**What this task involves**
Please reproduce all entries word for word and omit their pictures.

**Data**

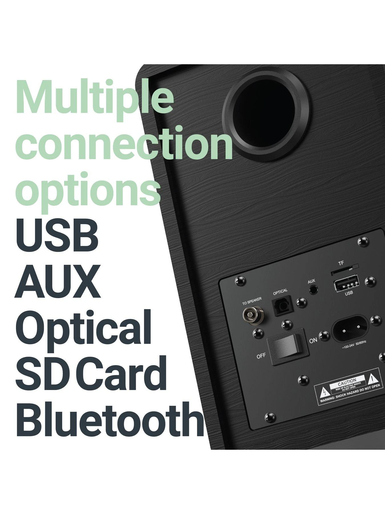 The D40s have been designed with ease of use in mind – simply plug in, and play using the wide range of connections. Connect to your TV or PC in lightning speed by using the optical input for high clarity and rich digital audio, or use the suppled RCA cable for analog connection. Listen to your playlists straight from your phone through the latest Bluetooth technology, plug in your MP3 player to the AUX, and listen to digital files on USB or SD Card.
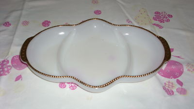 Vintage FireKing White Milk Glass 3 part dish w/ gold
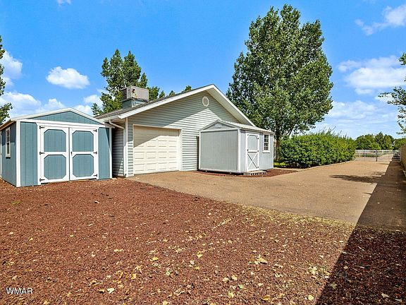 Charming, one-of-a-kind 3 bed/2 bath home with a 2-car attached garage (26'x24') on 1.25 acres. Includes a loft for possible 4th bedroom, and 32'x32' detached workshop with 3rd garage space - ideal for projects or potential guest quarters. Features 2 Weather King sheds for your toys and tools, an RV hookup, mature trees surrounding the landscaped yard with sprinkler system, raised flower beds with individual watering systems, and a large concrete patio under shade trees for entertaining. NEW ROOF on the main residence and new reverse osmosis system installed in 2023. NO HOA! A unique home full of thoughtful touches and amenities, waiting for you to make it your own!
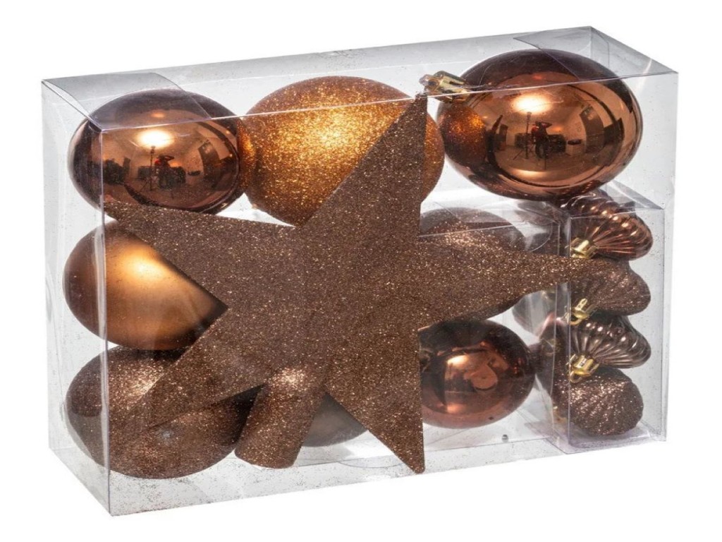 Set novogodišnjih kuglica za sjajnu dekoraciju vaše jelke u boji bronze.
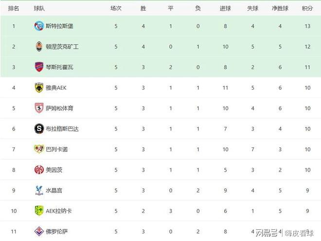 5輪過(guò)后,來(lái)自法甲的斯特拉斯堡有13分,提前一輪鎖定前八名的資格,這支被譽(yù)為切爾西二隊(duì)的球隊(duì),幾周前擊敗水晶宮,被視為冠軍的熱門之一。德甲的美因茨排在第8名,末輪跟第5名,積分相同的薩姆松體育相遇,兩隊(duì)也許只能產(chǎn)生一個(gè)直通名額。同樣有10分,來(lái)自西甲的巴列卡諾,末輪面對(duì)實(shí)力不強(qiáng)的德利塔,只要全取三分必定晉級(jí)16強(qiáng)。
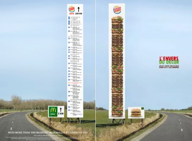 在法国一个小镇的路标上做了俩广告牌:左边是麦当劳,右边是汉堡王,由图可知,去一趟汉堡王的行车路线拉满整个广告牌,而麦当劳却只需要5km,表达的就是我麦当劳哪都有店,而你汉堡王店又少又不好找!
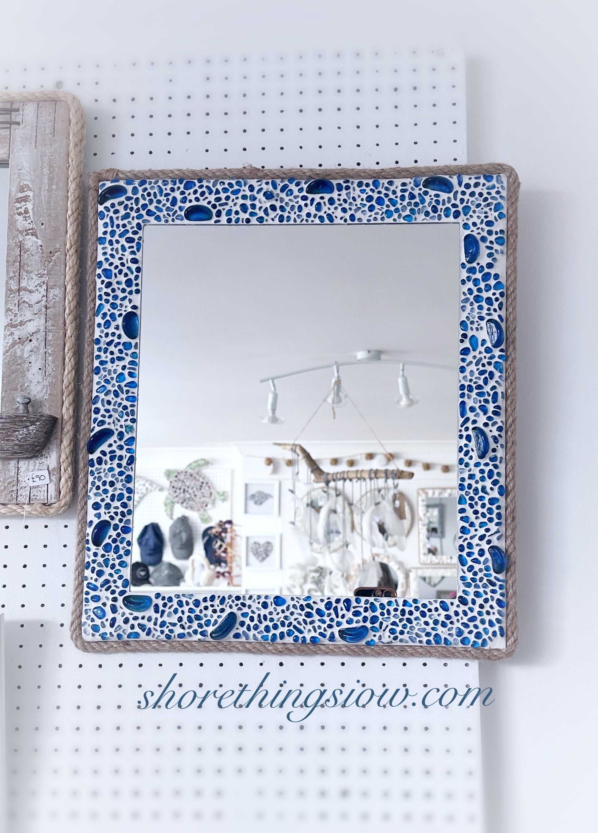 Blue glass mirror 16”x18”
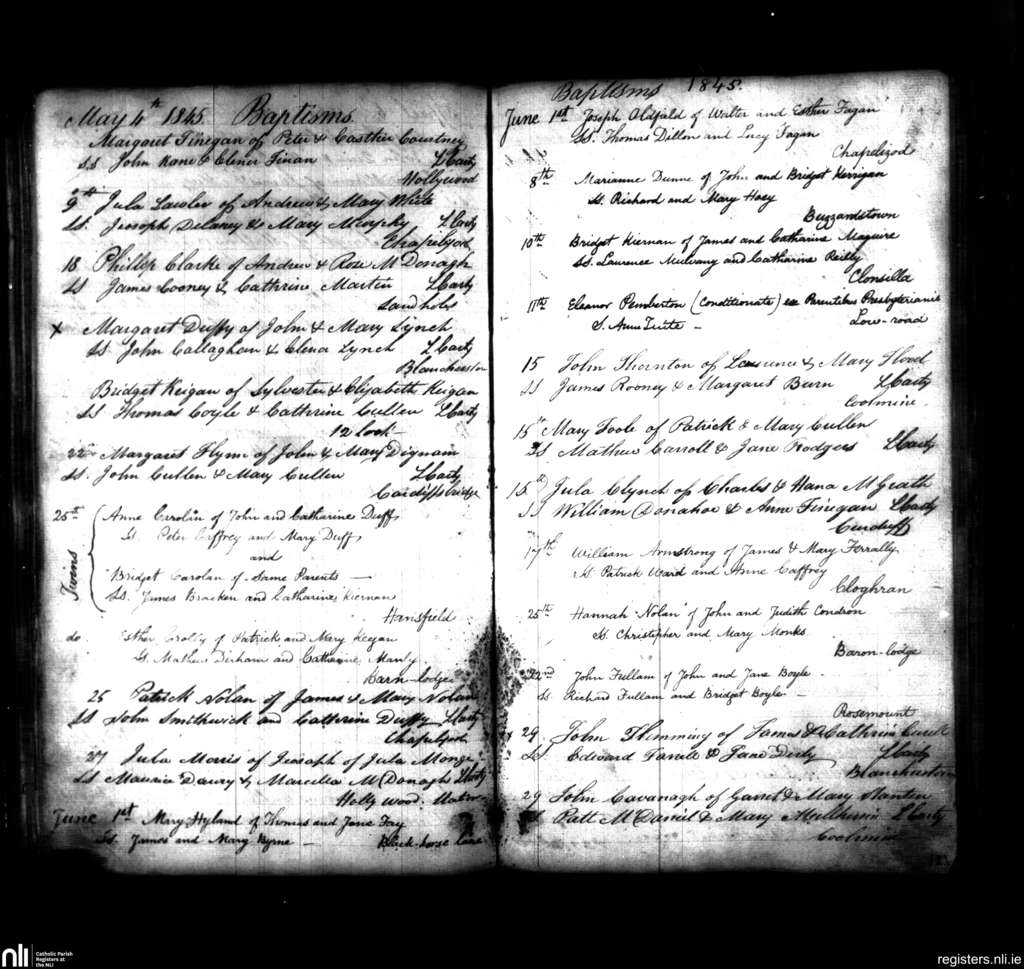 Blanchardstown; County of Dublin; Archdiocese of Dublin. Baptisms, May 1845 to June 1845

**Finished exercise**
 The D40s have been designed with ease of use in mind – simply plug in, and play using the wide range of connections. Connect to your TV or PC in lightning speed by using the optical input for high clarity and rich digital audio, or use the suppled RCA cable for analog connection. Listen to your playlists straight from your phone through the latest Bluetooth technology, plug in your MP3 player to the AUX, and listen to digital files on USB or SD Card.
 Vintage FireKing White Milk Glass 3 part dish w/ gold
 Charming, one-of-a-kind 3 bed/2 bath home with a 2-car attached garage (26'x24') on 1.25 acres. Includes a loft for possible 4th bedroom, and 32'x32' detached workshop with 3rd garage space - ideal for projects or potential guest quarters. Features 2 Weather King sheds for your toys and tools, an RV hookup, mature trees surrounding the landscaped yard with sprinkler system, raised flower beds with individual watering systems, and a large concrete patio under shade trees for entertaining. NEW ROOF on the main residence and new reverse osmosis system installed in 2023. NO HOA! A unique home full of thoughtful touches and amenities, waiting for you to make it your own!
 Set novogodišnjih kuglica za sjajnu dekoraciju vaše jelke u boji bronze.
 5輪過(guò)后,來(lái)自法甲的斯特拉斯堡有13分,提前一輪鎖定前八名的資格,這支被譽(yù)為切爾西二隊(duì)的球隊(duì),幾周前擊敗水晶宮,被視為冠軍的熱門之一。德甲的美因茨排在第8名,末輪跟第5名,積分相同的薩姆松體育相遇,兩隊(duì)也許只能產(chǎn)生一個(gè)直通名額。同樣有10分,來(lái)自西甲的巴列卡諾,末輪面對(duì)實(shí)力不強(qiáng)的德利塔,只要全取三分必定晉級(jí)16強(qiáng)。
 在法国一个小镇的路标上做了俩广告牌:左边是麦当劳,右边是汉堡王,由图可知,去一趟汉堡王的行车路线拉满整个广告牌,而麦当劳却只需要5km,表达的就是我麦当劳哪都有店,而你汉堡王店又少又不好找!
 Blue glass mirror 16”x18”
 Blanchardstown; County of Dublin; Archdiocese of Dublin. Baptisms, May 1845 to June 1845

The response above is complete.